Friday, May 16, 2008

Yet another 40 yard bomb...

NOT sure if you managed to catch Fox Sports's take on the top 20 goals of the current season last night on Total Football, but, for me, there was very much a same, same feel about the selection, with 17 of the 20 the result of individual bombs from outside the box.

The other three were the result of individual pieces of brilliance inside the box (a Cristiano Ronaldo reverse-flick with the instep, an Akos Buzsaky flick over the keeper and an Sylvan Ebanks-Blake reverse netmeg and powerhouse finish).

While all 20 goals were easy on the eye, and some of 40 yard bombs particularly special (Noe Pamarot or Stephane Baga anyone?), not one of the featured Fox goals was what I'd describe as a team goal, an intricate build-up involving five, six or seven passes, with a simple finish....

Like the brilliant Gamba Osaka goal I described in this piece a few weeks ago. To catch it again, check out the first 23 seconds of this video.

Another example that came to mind was the beautiful opening goal Arsenal (Abou Diaby) scored in first leg of the UEFA Champions League semi final against Liverpool, which I commented on here, but perhaps we can excuse Fox for not including that one given that their selections focused entirely on competitions they were covering (EPL, A-League, Coca-Cola Championship and Asian Champions League).

It's all subjective, but perhaps, in hindsight, the TF selection should have been described as the strikes of the season.


Blogger pippinu said...

Spot on Tony - this is a trend I have noticed over the last few years (maybe longer) - the long range smacks get far more plaudits than the team goals. I like to see a long range goal as much as the next person, but let's be honest, there are far more these days than you would get, say, 25 years ago, but more importantly, they are dominating the airwaves, taking up the "space".
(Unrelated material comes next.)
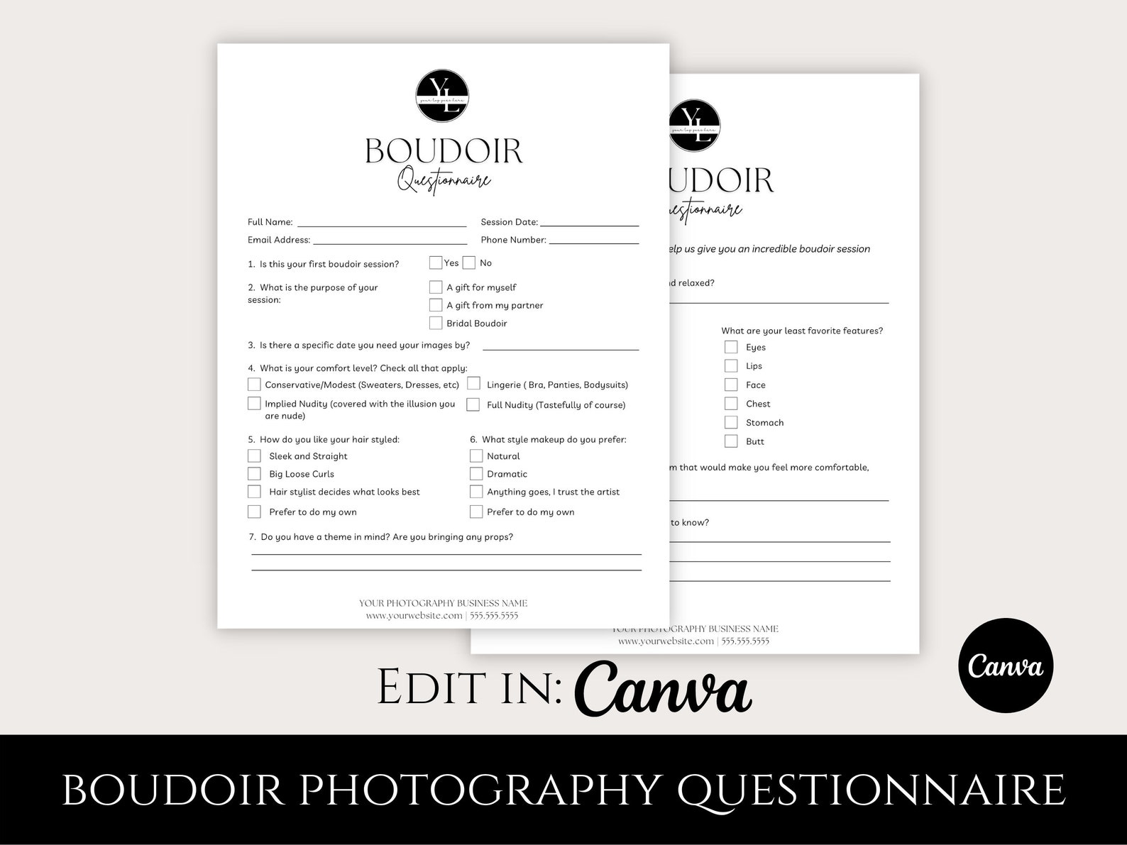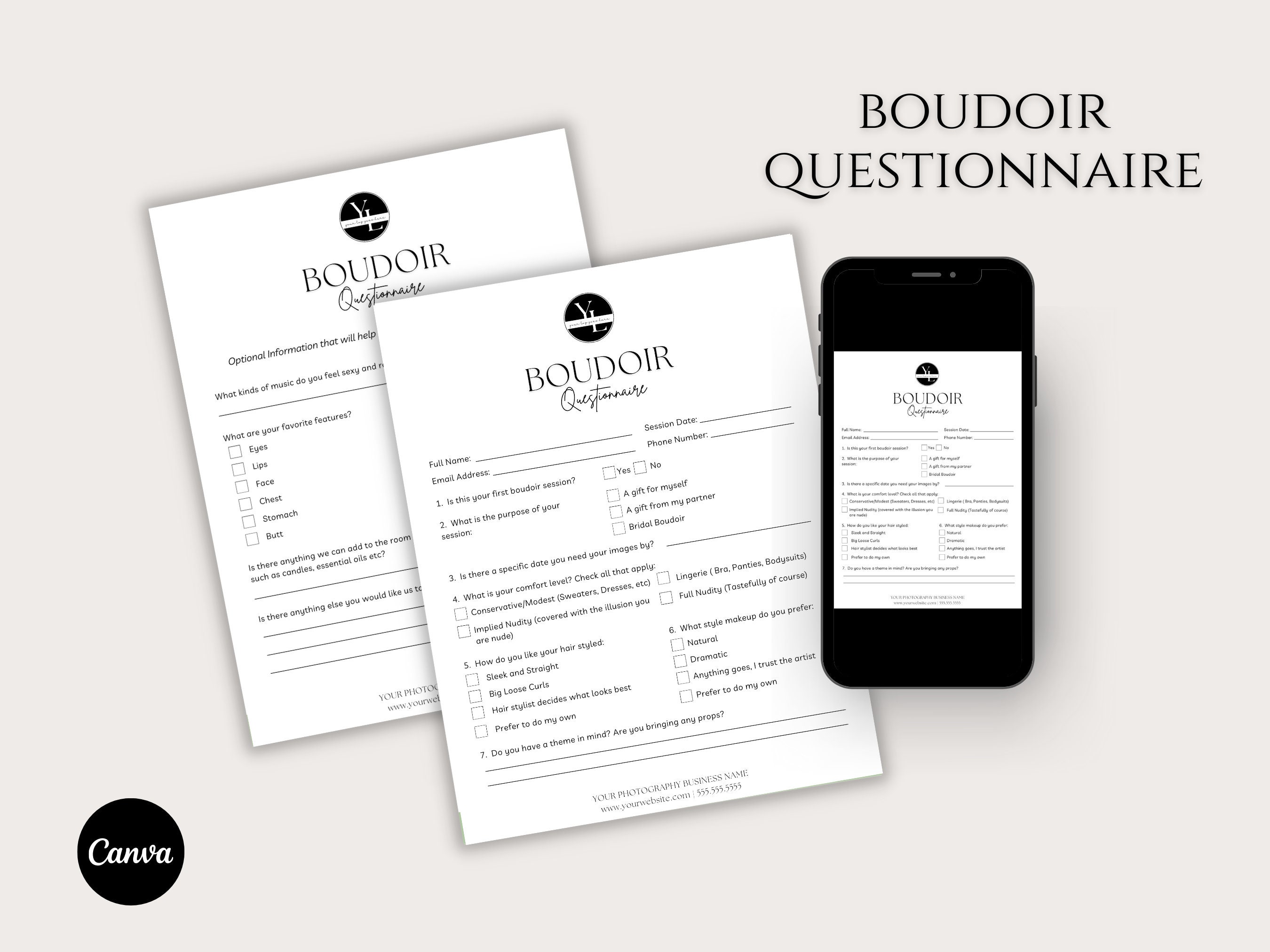 Boudoir Photography Questionnaire Template: Customizable Photographer
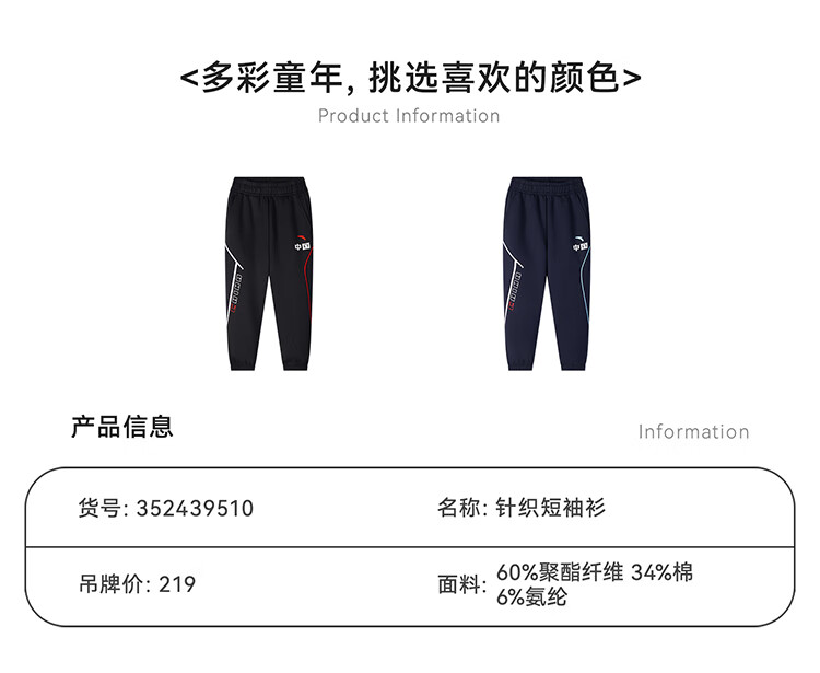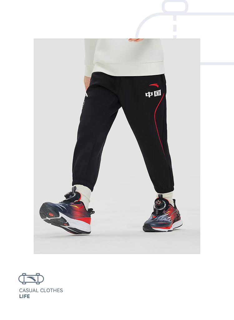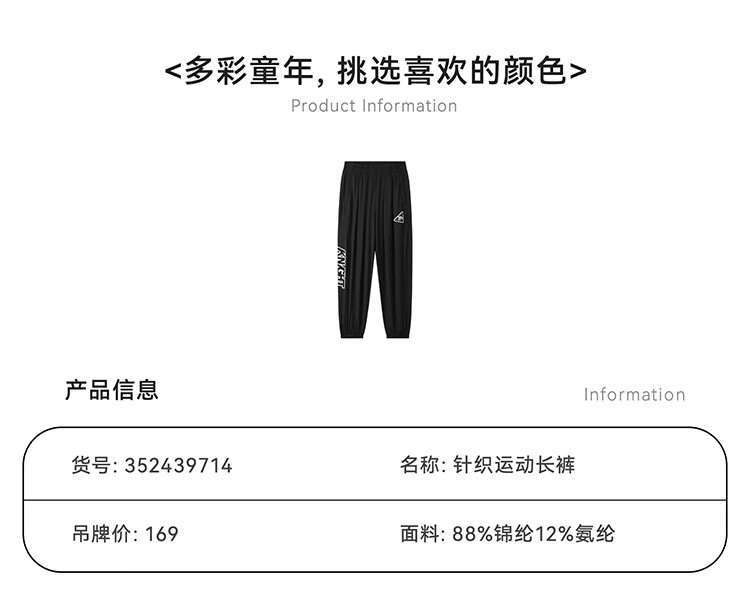 【超值】安踏儿童裤子男小童橡韧科技体适能针织运动长裤352439510

But then again - in the modern game, do long range efforts and set pieces (incl penalties) combined perhaps account for up to 75% of all goals? Or more? I don't know - but it's possible.
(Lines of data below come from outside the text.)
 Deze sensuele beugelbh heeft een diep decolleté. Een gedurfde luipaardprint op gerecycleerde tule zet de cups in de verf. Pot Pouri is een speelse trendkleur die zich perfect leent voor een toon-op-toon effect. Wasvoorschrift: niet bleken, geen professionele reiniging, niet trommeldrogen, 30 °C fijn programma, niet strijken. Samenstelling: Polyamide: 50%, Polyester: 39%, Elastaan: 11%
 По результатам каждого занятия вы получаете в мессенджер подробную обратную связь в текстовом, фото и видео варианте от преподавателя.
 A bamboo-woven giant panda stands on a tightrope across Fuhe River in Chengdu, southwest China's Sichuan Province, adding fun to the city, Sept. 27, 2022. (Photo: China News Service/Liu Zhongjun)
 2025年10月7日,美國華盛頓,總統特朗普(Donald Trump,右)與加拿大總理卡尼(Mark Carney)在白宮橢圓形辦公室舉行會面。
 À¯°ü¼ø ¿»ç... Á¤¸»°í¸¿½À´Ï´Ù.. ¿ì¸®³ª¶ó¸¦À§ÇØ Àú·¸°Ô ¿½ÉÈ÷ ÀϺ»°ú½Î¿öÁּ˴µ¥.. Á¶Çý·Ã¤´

What I am about to write now is a biased view, but in Round 9 (I think) last year, El Zorro finally opened his account in Melbourne's 2-1 victory over Perth. It involved an interchange of passes with Arch on the right, including a back heeler from Carlos, and he finally got it back and slammed it home from a very tight angle at the edge of the 6 yard box.
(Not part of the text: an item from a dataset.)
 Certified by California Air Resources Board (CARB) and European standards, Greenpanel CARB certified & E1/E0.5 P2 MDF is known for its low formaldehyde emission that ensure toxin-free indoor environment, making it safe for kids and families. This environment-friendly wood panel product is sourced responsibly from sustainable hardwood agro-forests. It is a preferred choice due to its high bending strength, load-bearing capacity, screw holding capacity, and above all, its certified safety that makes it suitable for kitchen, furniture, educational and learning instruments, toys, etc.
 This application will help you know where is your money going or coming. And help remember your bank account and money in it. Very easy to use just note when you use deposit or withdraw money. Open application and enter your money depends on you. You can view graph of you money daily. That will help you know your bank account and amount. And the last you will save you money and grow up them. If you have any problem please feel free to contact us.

I reckon it was one of the goals of the year - but you can forget about seeing it in any top 20!

In fact, it didn't even get goal of the week! Elrich won it with his turn and smack form outside the box (just for something different). Not a bad goal, but at the time, I really did look at it pretty much along the lines of what you have done today, and I wasn't impressed!

By the way, excuse me for this, but it's "Baga" (I think this is the 2nd time you have called him Barga). I only remember because I enjoy making puns with his name: e.g. bagging two goals; making the onion bag bulge, etc. Regardless of his name - he's one to watch out for in our last game - be good to have him in the A-League!

Fri. May 16, 04:30:00 pm AEST  
Blogger The Round Ball Analyst said...

Pippinu, thanks for the comment and correction, consider it corrected.

Yes, I recall the Hernandez strike and his link up with Archie....quality.

I've also noticed the disturbing but growing trend of goals from set pieces in the past 5 or so years and have been planning to write about it for a while...

In fact, just the other day, I was watching some highlights of the euro u17s on eurosport, a 3 all draw between france and spain, and 5 of the 6 goals were from set pieces...

It was followed by highlights of a couple of other games, with set piece goals prominent...

I would say you're right, about 75%of goals are from set pieces and bombs.

So, when a good 'team goal' is scored, like Gamba's, like El Zorro's, we should acknowledge it, and encourage it.

Fri. May 16, 05:09:00 pm AEST  
Blogger pippinu said...

Tony - that would be a great piece - especially so if you can get stats on what was happening, say, 20 years ago, and today - in fact, that would make a fantastic piece!

We all know that defences have got better and better over the decades, such that today's goal scoring average is 2.5 per game (or so) compared to 5.5 in the 50s. I think we can all accept that without too much of a problem - but if 2 of the 2.5 is made up of speculative shots and set pieces - that's a major shift in the game that not many are picking up on.

An over-reliance on set pieces conceivably has dire consequences for the game. For instance, it means that game plans become more focussed on winning the set piece, rather than piercing the defence of the opposition (which, as a neutral, is what we really all prefer to see). If that becomes more common, that has follow-on ramifications.

It's too early to despair, but I wonder if there is some sort of trend there.